I thought about Gary Kray and Harvey Milk as I drove down the 5 last night. How these San Franciscans had had these very different, but enduring legacies. They both were a product and a tribute to a city that holds many treasured memories for me.

I must confess now that I’ve buried my lead, and I did it on purpose. Because even more than Gary Kray and Harvey Milk, the person I thought about most as I travelled home was my friend Michael. He’s been the subject and guest star in several of my blogs as well as an occasional guest blogger. His show, at Berkeley Playhouse, a one night only event (so far), was a staged reading of his solo memoir The Oldest Living Cater Waiter: My Life in Three Courses. While he’s been a professional actor for over 25 years, he’s also been a cater waiter for several years.
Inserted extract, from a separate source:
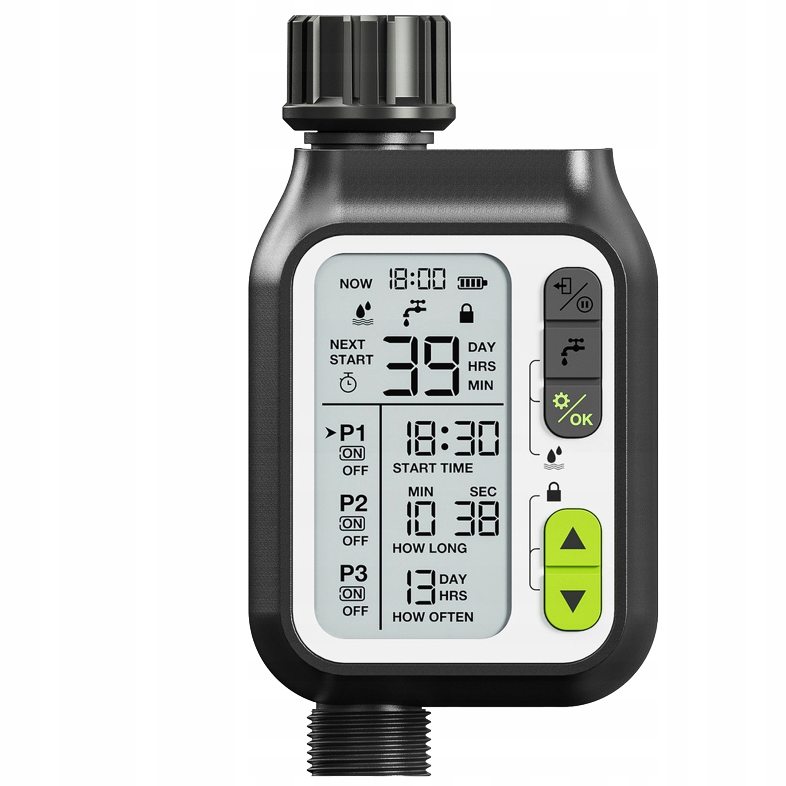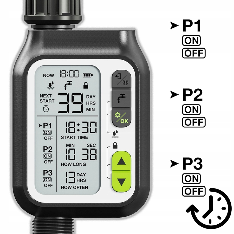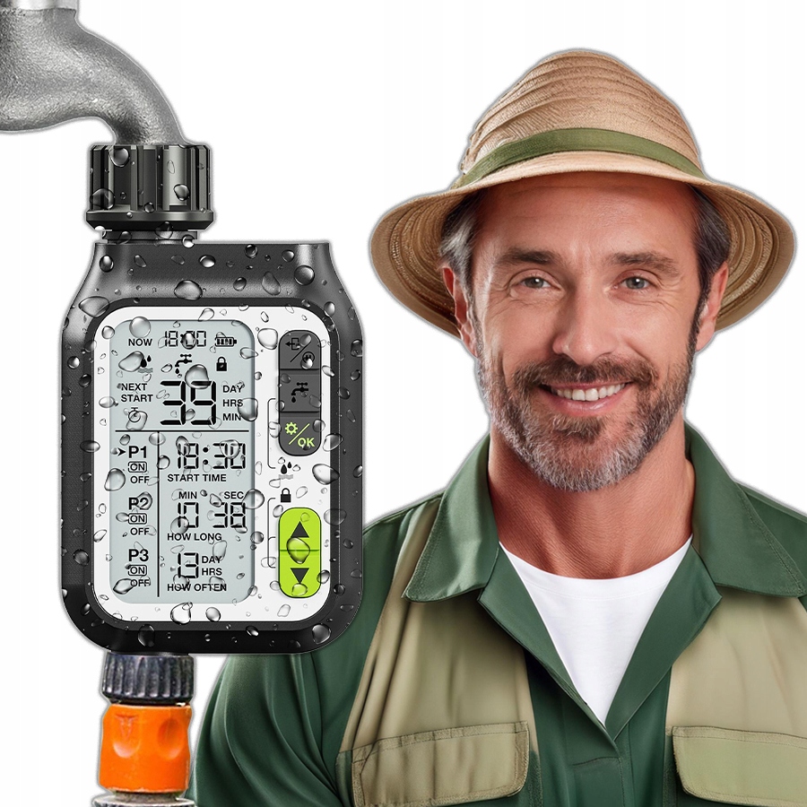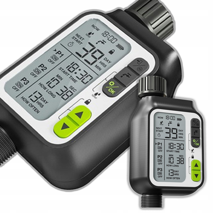 Сучасний контролер з чітким РК -дисплеєм гарантує легку та інтуїтивну роботу. Побудований датчик дощу інтелектуально економить воду, вимикаючи систему у разі опадів. Три щоденні програми дозволяють точно узгодити графік поливу індивідуальним потребам вашого саду.

His story is about the juxtaposition of the two careers, the two worlds. It was something I clearly related to, having worked in restaurants, on and off, since I was 19, but it’s a universal theme. Who among us can say that our lives have turned out exactly the way we thought they would? Michael’s story made me laugh and cry, with honesty and humility and passion and tenacity. It must also be noted that the theatre (designed by Julia Morgan, btw) was filled by other artists and cater waiters and artist-cater waiters who love and root for Michael as much as I do. I think it’s rare for someone to be as loved, treasured as he is. I’m so proud of the work that he’s done on this show and I look forward to the next chapter.

So, three men. Three very different legacies, but they were the men who permeated my thoughts and even spoke to me on that long drive home last night. I remembered another famous speech by Harvey Milk, about giving people hope, its importance, and how each of these three gave and give me hope in their own ways. It could have been a lonely trip, but I felt I was in good company.